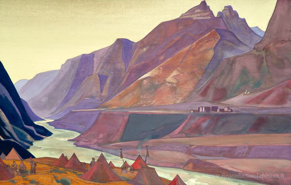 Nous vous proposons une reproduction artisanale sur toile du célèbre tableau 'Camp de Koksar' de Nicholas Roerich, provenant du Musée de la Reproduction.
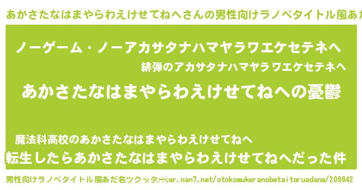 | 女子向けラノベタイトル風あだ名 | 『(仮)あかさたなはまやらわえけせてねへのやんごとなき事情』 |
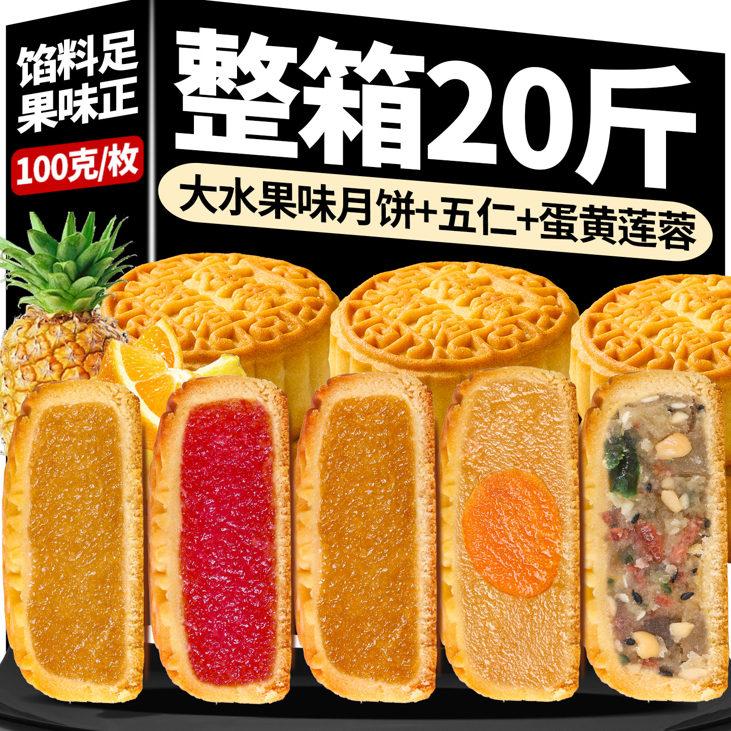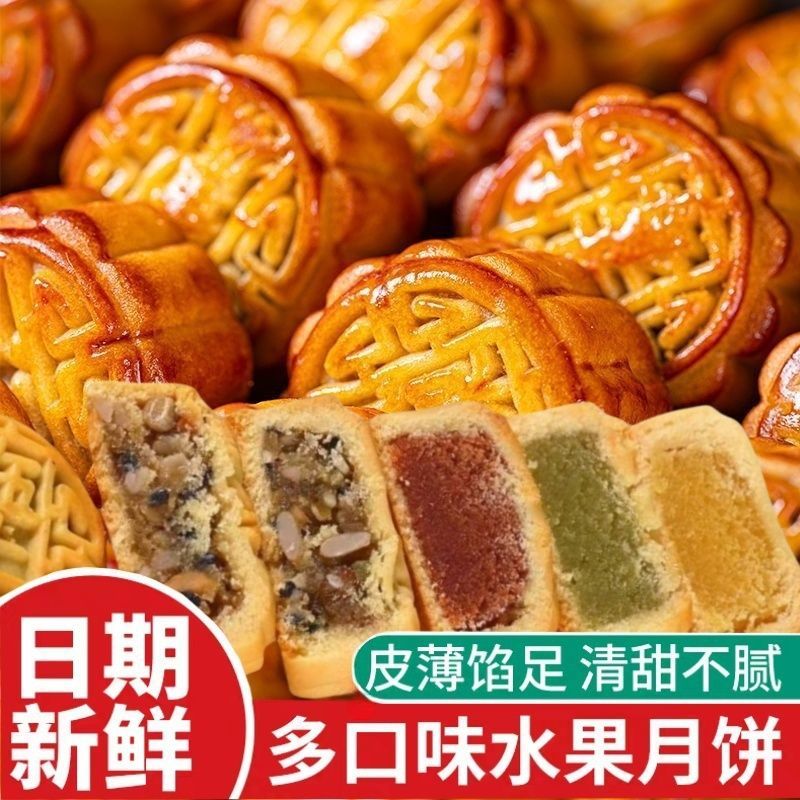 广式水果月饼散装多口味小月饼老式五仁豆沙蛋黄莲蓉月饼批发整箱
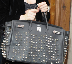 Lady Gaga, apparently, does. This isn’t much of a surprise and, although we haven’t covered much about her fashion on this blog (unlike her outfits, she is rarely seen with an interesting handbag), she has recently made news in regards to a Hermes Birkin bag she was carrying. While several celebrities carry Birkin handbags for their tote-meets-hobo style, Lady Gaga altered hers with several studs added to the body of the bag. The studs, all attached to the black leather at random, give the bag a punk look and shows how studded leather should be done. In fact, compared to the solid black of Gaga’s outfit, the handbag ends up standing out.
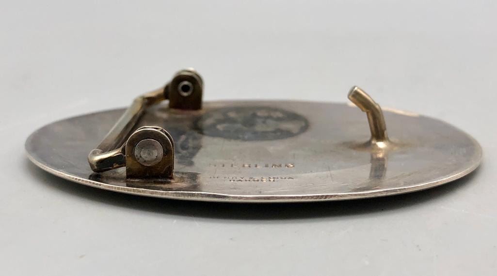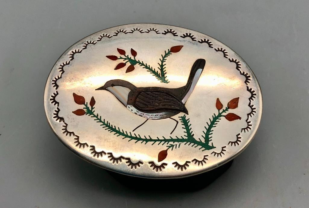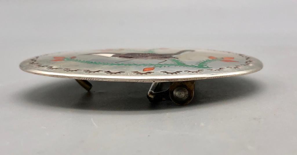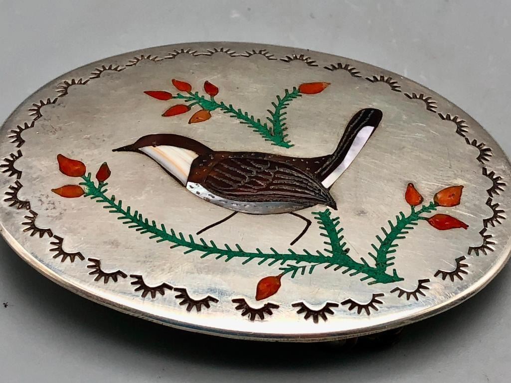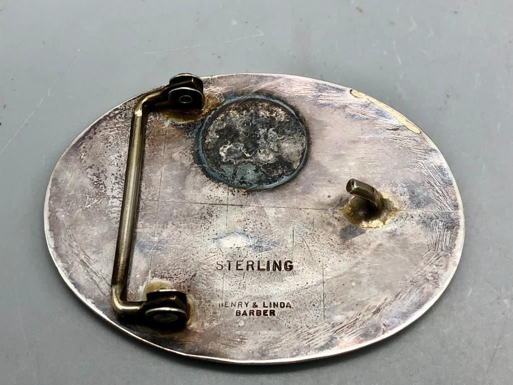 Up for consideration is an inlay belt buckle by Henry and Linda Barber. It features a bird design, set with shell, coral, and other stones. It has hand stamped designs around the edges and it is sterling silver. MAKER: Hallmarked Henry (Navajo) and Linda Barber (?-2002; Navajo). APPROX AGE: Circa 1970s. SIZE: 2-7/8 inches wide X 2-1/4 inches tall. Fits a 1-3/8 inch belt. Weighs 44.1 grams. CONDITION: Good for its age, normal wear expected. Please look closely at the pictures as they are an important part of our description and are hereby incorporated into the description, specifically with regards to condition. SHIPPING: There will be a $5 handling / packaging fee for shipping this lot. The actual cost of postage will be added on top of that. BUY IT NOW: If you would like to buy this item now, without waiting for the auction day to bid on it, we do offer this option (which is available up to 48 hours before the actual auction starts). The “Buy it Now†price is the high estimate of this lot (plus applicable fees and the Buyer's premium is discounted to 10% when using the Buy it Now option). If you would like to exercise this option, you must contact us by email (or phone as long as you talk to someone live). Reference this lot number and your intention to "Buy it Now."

* * * *

**PROBLEM STATEMENT**
Could you transcribe all of the data exactly and omit the pictures?

**SOLUTION TO THE EXERCISE**
 Nous vous proposons une reproduction artisanale sur toile du célèbre tableau 'Camp de Koksar' de Nicholas Roerich, provenant du Musée de la Reproduction.
 | 女子向けラノベタイトル風あだ名 | 『(仮)あかさたなはまやらわえけせてねへのやんごとなき事情』 |
 广式水果月饼散装多口味小月饼老式五仁豆沙蛋黄莲蓉月饼批发整箱
 Lady Gaga, apparently, does. This isn’t much of a surprise and, although we haven’t covered much about her fashion on this blog (unlike her outfits, she is rarely seen with an interesting handbag), she has recently made news in regards to a Hermes Birkin bag she was carrying. While several celebrities carry Birkin handbags for their tote-meets-hobo style, Lady Gaga altered hers with several studs added to the body of the bag. The studs, all attached to the black leather at random, give the bag a punk look and shows how studded leather should be done. In fact, compared to the solid black of Gaga’s outfit, the handbag ends up standing out.
 Up for consideration is an inlay belt buckle by Henry and Linda Barber. It features a bird design, set with shell, coral, and other stones. It has hand stamped designs around the edges and it is sterling silver. MAKER: Hallmarked Henry (Navajo) and Linda Barber (?-2002; Navajo). APPROX AGE: Circa 1970s. SIZE: 2-7/8 inches wide X 2-1/4 inches tall. Fits a 1-3/8 inch belt. Weighs 44.1 grams. CONDITION: Good for its age, normal wear expected. Please look closely at the pictures as they are an important part of our description and are hereby incorporated into the description, specifically with regards to condition. SHIPPING: There will be a $5 handling / packaging fee for shipping this lot. The actual cost of postage will be added on top of that. BUY IT NOW: If you would like to buy this item now, without waiting for the auction day to bid on it, we do offer this option (which is available up to 48 hours before the actual auction starts). The “Buy it Now†price is the high estimate of this lot (plus applicable fees and the Buyer's premium is discounted to 10% when using the Buy it Now option). If you would like to exercise this option, you must contact us by email (or phone as long as you talk to someone live). Reference this lot number and your intention to "Buy it Now."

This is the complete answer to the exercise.